**Problem to work on**
Reproduce exactly, and only, the lines of the material below running from the line bearing "新北最大商場裕隆城今日正式開" through the line bearing "今日のレクリエーションは、棒". Leave any pictures out.

**Record excerpts**
▼

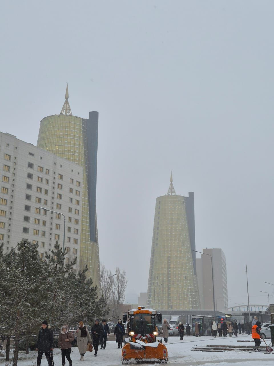Η θερμοκρασία στην Αστάνα τη Δευτέρα (8/12) αγγίζει τους -2 βαθμούς κελσίου με το σκηνικό να είναι γεμάτο χιόνι. Παρόλα αυτά η ζωή συνεχίζεται κανονικά, με σειρά εκχιονιστικών να δουλεύουν αδιάκοπα.
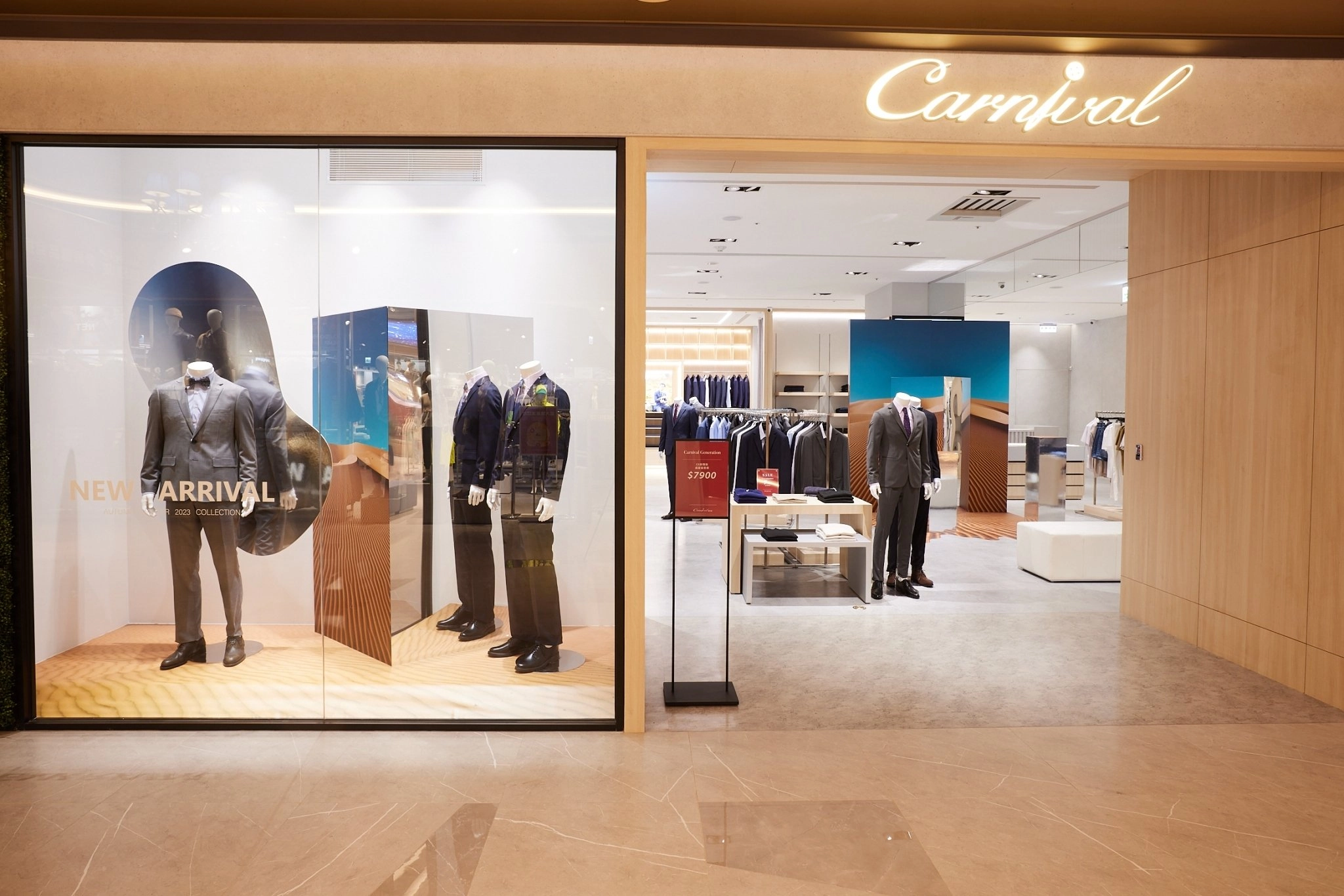 新北最大商場裕隆城今日正式開幕!裕隆集團旗下服裝品牌嘉裕Carnival全新形象概念店進駐裕隆城五樓。店內以開放式設計,明亮空間延伸出寬敞舒適的視覺印象,提供消費者流暢的購物動線。整體採用木質搭配淺灰色調,展現優雅時尚的溫暖氛圍。壁面式陳列,清楚展示各系列產品,讓人一目了然。全新概念店更特別打造全台第一個VIP訂製服空間,提供貴賓感受服裝工藝的尊榮體驗。
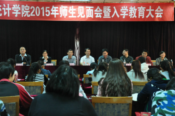 2015年10月14日下午3时,统计学院2015级师生见面会暨入学教育大会在科技楼二楼南会议室成功召开。出席本次大会的领导和老师有:数学与统计学院党委书记王方立,统计学院院长、博士生导师尹传存教授,数学与统计学院党委副书记王作茂,副院长赵胜利教授,教务员刘艳丽,统计学院办公室主任吴雷,辅导员李玲。大会由团委书记刘永礼主持。
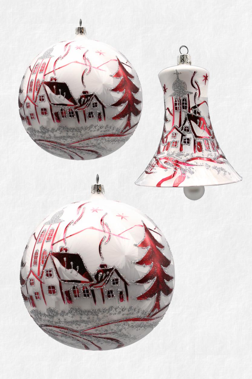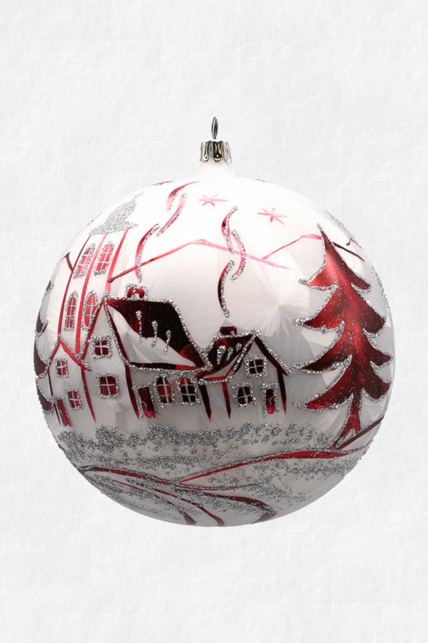 Diese Kugel mundgeblasenen Thüringer Glasschmuckes ist mit ihren 15 cm ein Glanzlicht für Ihre Weihnachtsstube. Die Kugel ist eisweiß und mit einer Landschaft in rot bemalt.
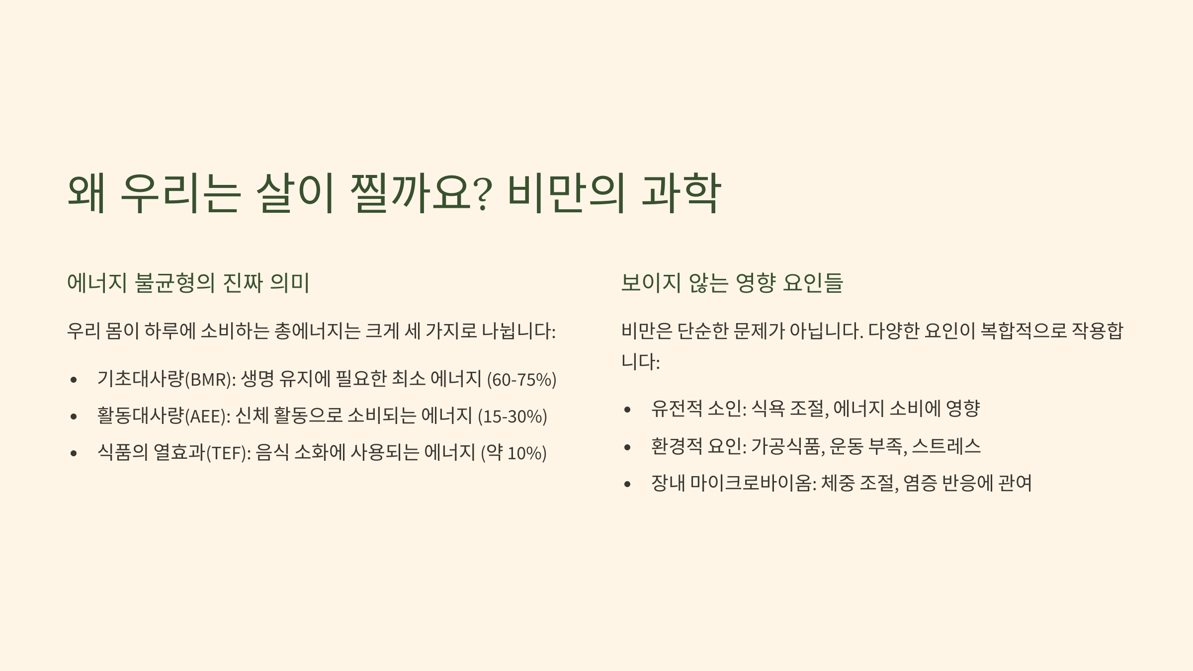 - (1) 단순 칼로리 계산을 넘어선 '에너지 불균형'의 진짜 의미 (기초대사량, 활동대사량, 식품의 열효과 심층 이해)
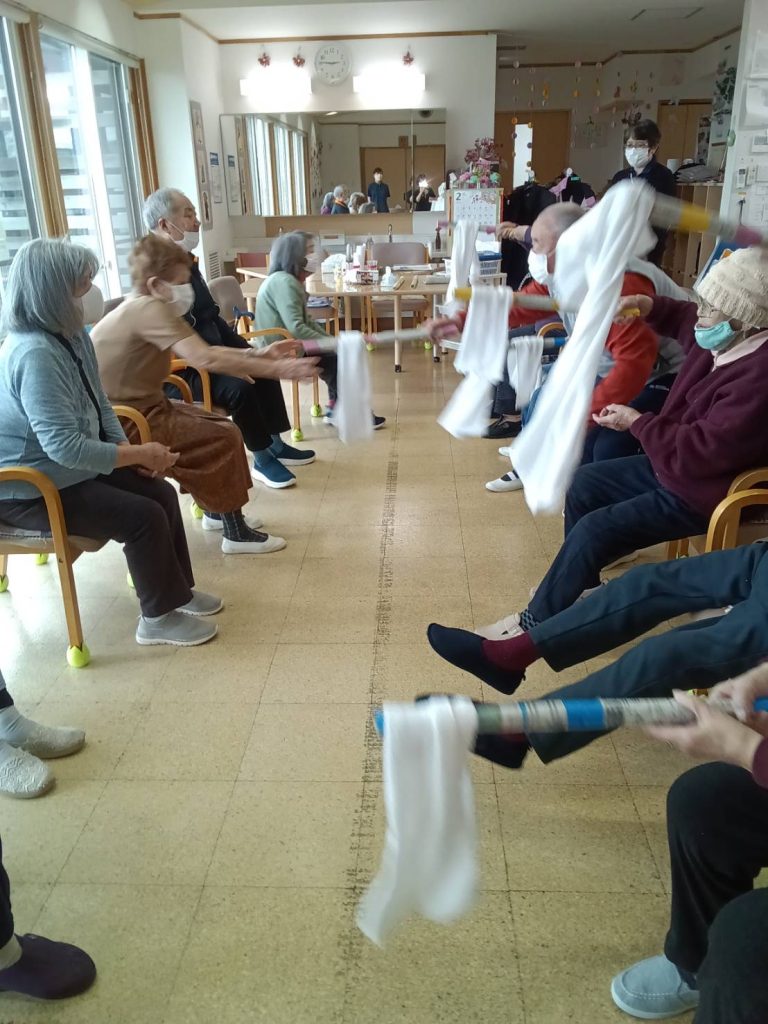 今日のレクリエーションは、棒を使ってタオルを投げ合い、キャッチするゲームの様です。
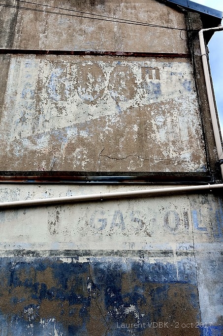 Des traces d’une publicité peinte qui indiquait une station service à 600 mètres, vendant notamment du « gas-oil » :
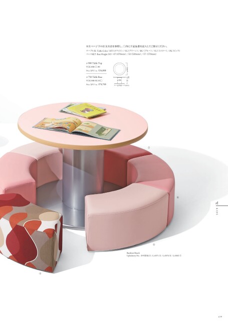 KIDS439⑦⑥⑤RainbowBenchUpholsteryNo.:参考張地④/L-6571⑤/L-6576⑥/L-6583⑦φ90030Hφ290φ750(mm)P320φ900TableTopVCK-008-□-90Price(JPY)/ea.¥34,000P320□34030470φ750TableBaseVCK-008-SG-H□Price(JPY)/ea.¥76,700φ290520(mm)φ750(mm)□340φ290φ75030P320570□340φ29030φ750(mm)④※左ページ下の注文方法を参照し、□内に下記品番を記入してご指示ください。テーブル色TableColor:HT(ホワイト)/YG(グリーン)/BU(ブルー)/YL(イエロー)/PK(ピンク)ベース高さBaseHeight(H):47(470mm)/52(520mm)/57(570mm)φ900φ900φ900
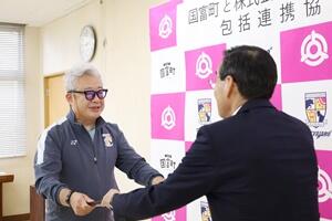 同日、国富町役場では、中別府尚文町長とテゲバジャーロ宮崎の石原実会長が協定書に署名しました。
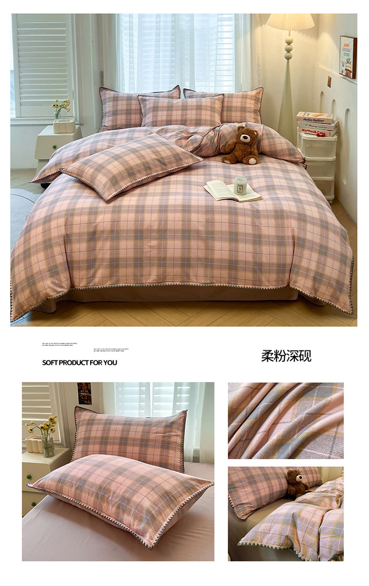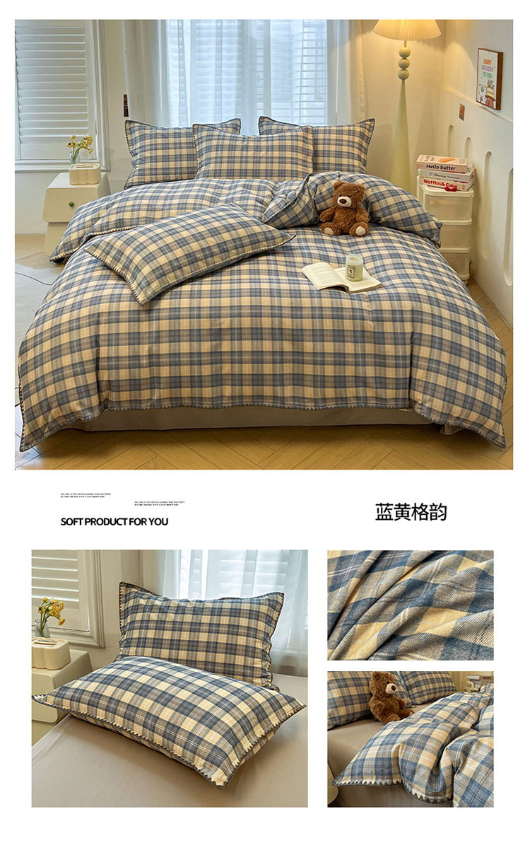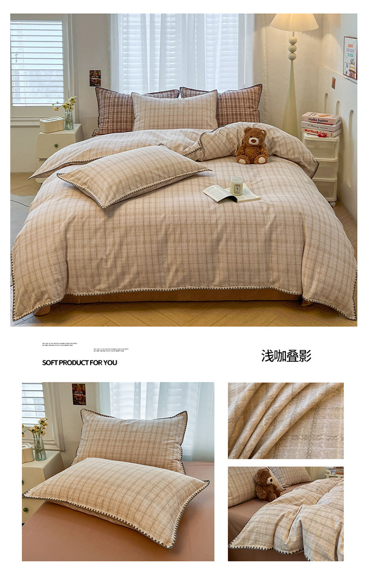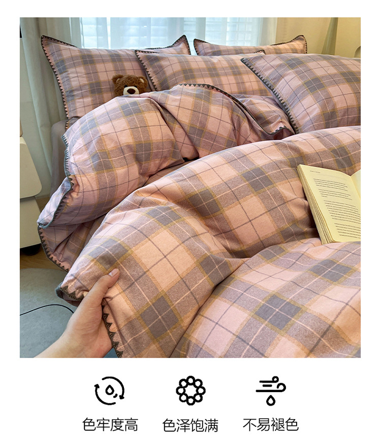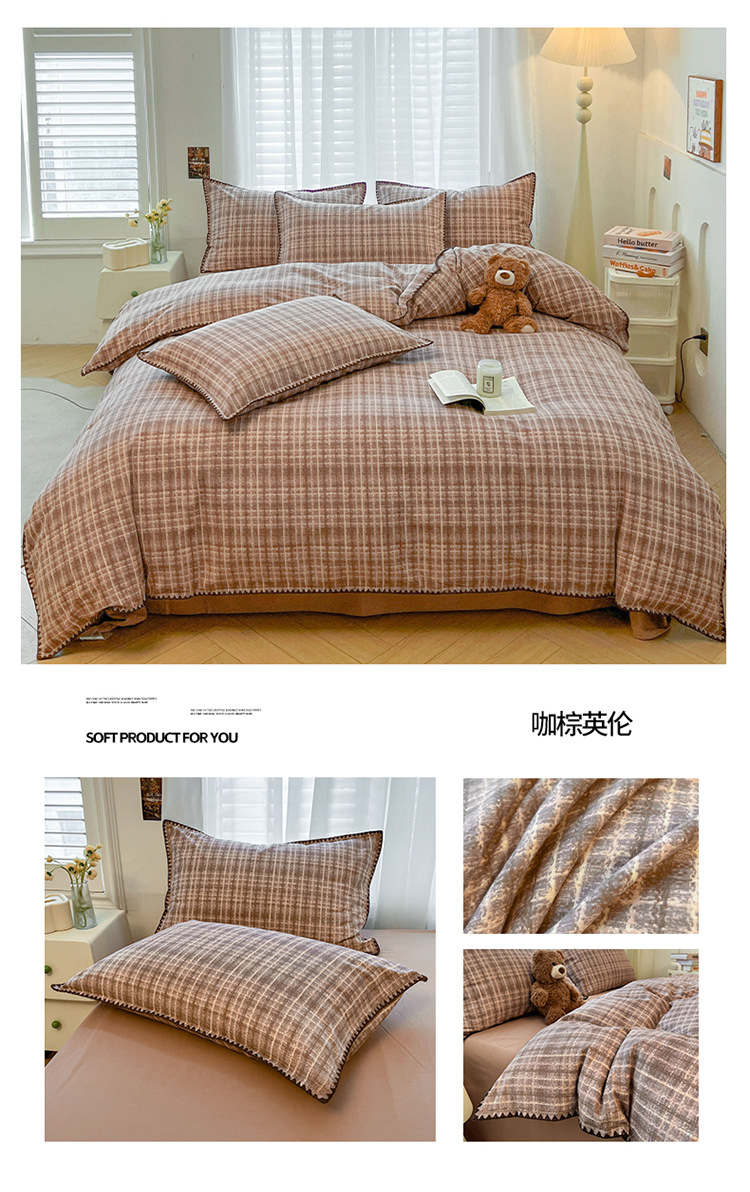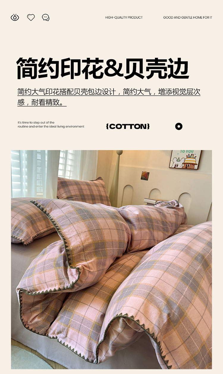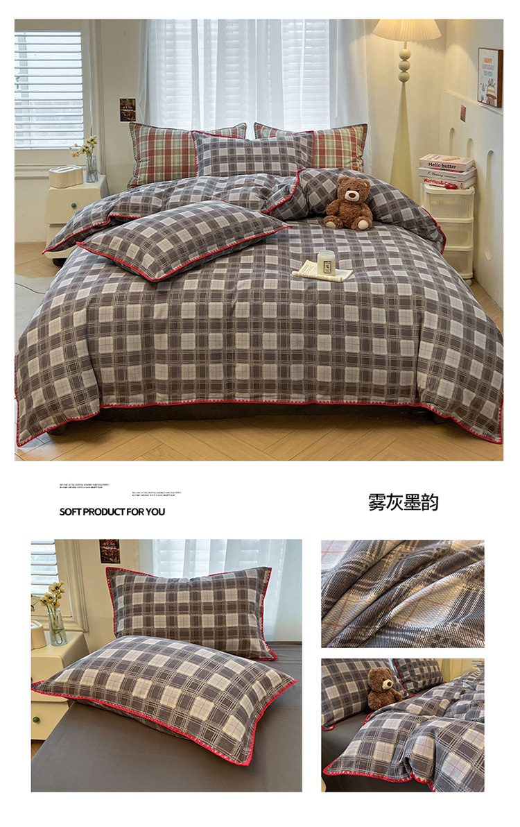 商品名称:(总)良品汇馆 2025【全棉磨毛四件套格纹】英伦格纹复古风贝壳边套件

▲

**Your solution**
 新北最大商場裕隆城今日正式開幕!裕隆集團旗下服裝品牌嘉裕Carnival全新形象概念店進駐裕隆城五樓。店內以開放式設計,明亮空間延伸出寬敞舒適的視覺印象,提供消費者流暢的購物動線。整體採用木質搭配淺灰色調,展現優雅時尚的溫暖氛圍。壁面式陳列,清楚展示各系列產品,讓人一目了然。全新概念店更特別打造全台第一個VIP訂製服空間,提供貴賓感受服裝工藝的尊榮體驗。
 2015年10月14日下午3时,统计学院2015级师生见面会暨入学教育大会在科技楼二楼南会议室成功召开。出席本次大会的领导和老师有:数学与统计学院党委书记王方立,统计学院院长、博士生导师尹传存教授,数学与统计学院党委副书记王作茂,副院长赵胜利教授,教务员刘艳丽,统计学院办公室主任吴雷,辅导员李玲。大会由团委书记刘永礼主持。
 Diese Kugel mundgeblasenen Thüringer Glasschmuckes ist mit ihren 15 cm ein Glanzlicht für Ihre Weihnachtsstube. Die Kugel ist eisweiß und mit einer Landschaft in rot bemalt.
 - (1) 단순 칼로리 계산을 넘어선 '에너지 불균형'의 진짜 의미 (기초대사량, 활동대사량, 식품의 열효과 심층 이해)
 今日のレクリエーションは、棒を使ってタオルを投げ合い、キャッチするゲームの様です。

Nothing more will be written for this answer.